While Lake Erie indeed gets too much phosphorus, that factor isn’t the trend’s only explanation, the report said.

“There may be more going on than just phosphorus loading,” Daniel Obenour, the lead author formerly of the U-Mich Water Center, said. “Phosphorus loading doesn’t explain everything.”

Take invasive species.

Since at least 1996, scientists such as David Culver, a retired Ohio State University zoologist, have gotten down into the nitty-gritty of invasive mussels’ spit and poop.

Mr. Culver is among several scientists who believe invasive mussels selectively spit out microcystis, the most dominant form of toxic algae in western Lake Erie. He also believes they excrete most of the phosphorus they take in because they have trouble digesting it.

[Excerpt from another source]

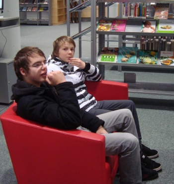 Doch wir hatten noch nicht genug. Die Stadtbibliothek war unser nächstes Ziel. Herr Habringer war mit voller Begeisterung dabei. |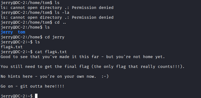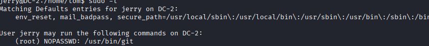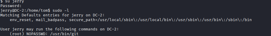 根据提示拿到最后的flag还需要git,而jeryy恰好可以无需密码运行git

When zebra mussels first came into North America from Eastern Europe via ships’ ballast water in 1986, establishing colonies in Lake St. Clair, the public took note of how fast they made Great Lakes water clearer.

Over the years, their cleansing effect reached a tipping point. Scientists have said at numerous conferences over the past decade or so that lake quality has backslid, both in aesthetics and in its delicate ecological balance.

Zebra mussels were overtaken by their larger and more adaptable cousin, quagga mussels, which likewise hitched rides from Eastern Europe via ocean-crossing ships’ ballast water.

Zebra mussels’ decline has been more than offset by increases in quagga mussels. The net effect has been great mussel abundance over the past decade, according to the U.S. Geological Survey.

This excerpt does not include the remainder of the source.